# [Entries shown]
■ ■ ■
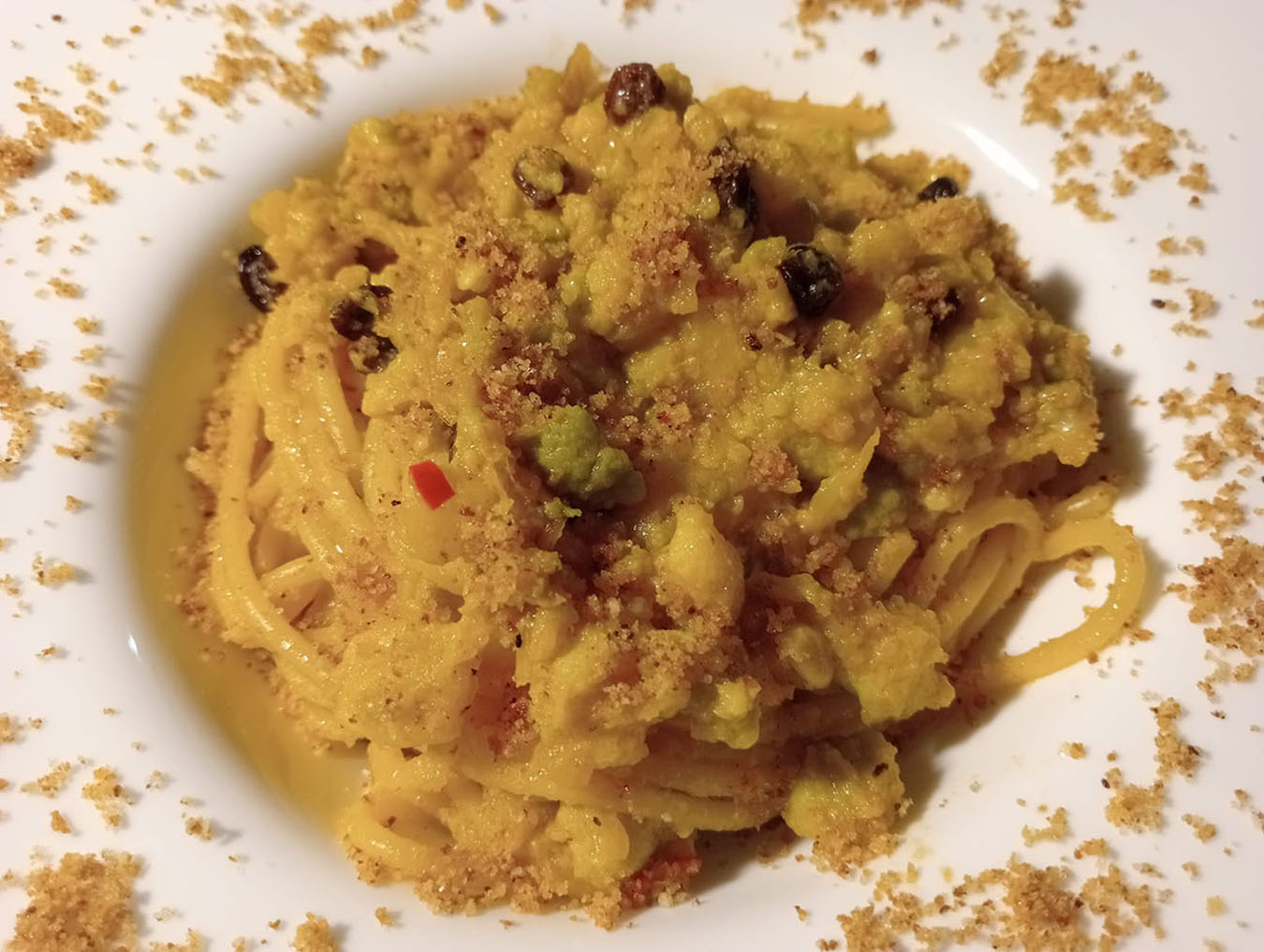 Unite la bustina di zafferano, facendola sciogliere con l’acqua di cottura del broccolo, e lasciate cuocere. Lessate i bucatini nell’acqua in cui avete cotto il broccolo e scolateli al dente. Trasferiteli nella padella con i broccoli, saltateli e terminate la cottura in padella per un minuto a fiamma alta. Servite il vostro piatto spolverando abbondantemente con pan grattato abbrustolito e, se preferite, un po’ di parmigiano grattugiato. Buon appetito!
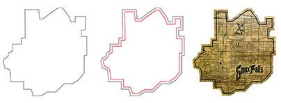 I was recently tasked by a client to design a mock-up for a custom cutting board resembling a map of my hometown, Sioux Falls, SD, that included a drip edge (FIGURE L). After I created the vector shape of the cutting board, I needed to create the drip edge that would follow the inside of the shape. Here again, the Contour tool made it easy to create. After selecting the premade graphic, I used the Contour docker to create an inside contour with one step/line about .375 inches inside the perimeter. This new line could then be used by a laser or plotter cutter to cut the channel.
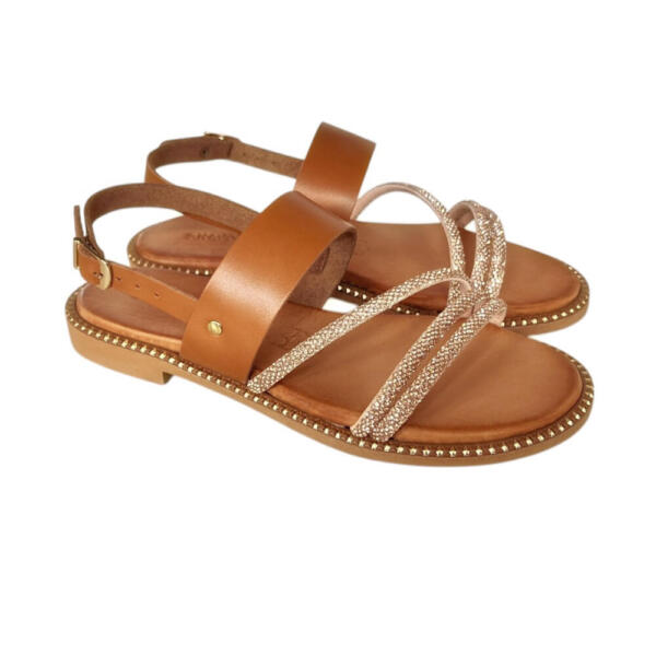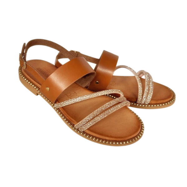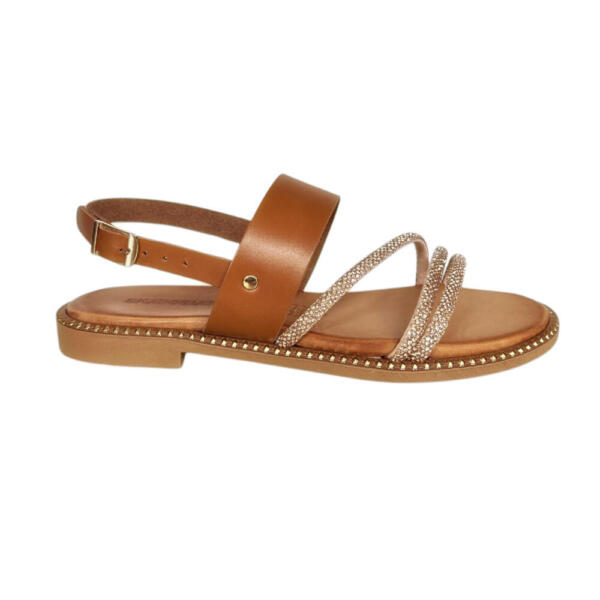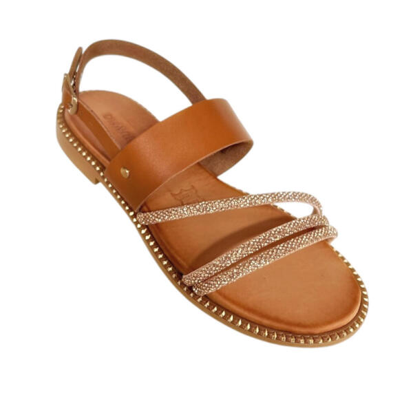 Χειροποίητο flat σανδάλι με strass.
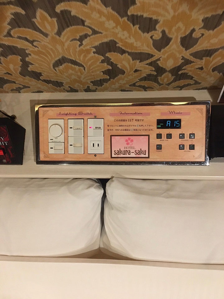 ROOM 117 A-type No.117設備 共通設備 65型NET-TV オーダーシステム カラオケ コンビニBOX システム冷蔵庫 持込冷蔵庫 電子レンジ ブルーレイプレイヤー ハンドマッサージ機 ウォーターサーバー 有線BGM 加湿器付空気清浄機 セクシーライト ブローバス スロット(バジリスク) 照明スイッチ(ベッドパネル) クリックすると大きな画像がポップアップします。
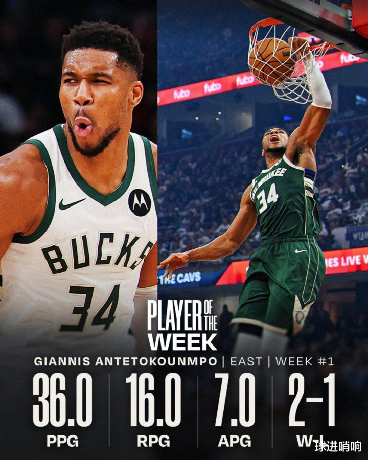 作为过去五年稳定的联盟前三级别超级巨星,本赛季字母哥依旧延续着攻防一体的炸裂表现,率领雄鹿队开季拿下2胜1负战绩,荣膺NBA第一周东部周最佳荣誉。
■ ■ ■
# [Task objective]
In the records above, find the line that contains "I was recently", then write it out along with every line after it, exactly, through the last one. Leave the pictures out.

# [Task solution]
 I was recently tasked by a client to design a mock-up for a custom cutting board resembling a map of my hometown, Sioux Falls, SD, that included a drip edge (FIGURE L). After I created the vector shape of the cutting board, I needed to create the drip edge that would follow the inside of the shape. Here again, the Contour tool made it easy to create. After selecting the premade graphic, I used the Contour docker to create an inside contour with one step/line about .375 inches inside the perimeter. This new line could then be used by a laser or plotter cutter to cut the channel.
 Χειροποίητο flat σανδάλι με strass.
 ROOM 117 A-type No.117設備 共通設備 65型NET-TV オーダーシステム カラオケ コンビニBOX システム冷蔵庫 持込冷蔵庫 電子レンジ ブルーレイプレイヤー ハンドマッサージ機 ウォーターサーバー 有線BGM 加湿器付空気清浄機 セクシーライト ブローバス スロット(バジリスク) 照明スイッチ(ベッドパネル) クリックすると大きな画像がポップアップします。
 作为过去五年稳定的联盟前三级别超级巨星,本赛季字母哥依旧延续着攻防一体的炸裂表现,率领雄鹿队开季拿下2胜1负战绩,荣膺NBA第一周东部周最佳荣誉。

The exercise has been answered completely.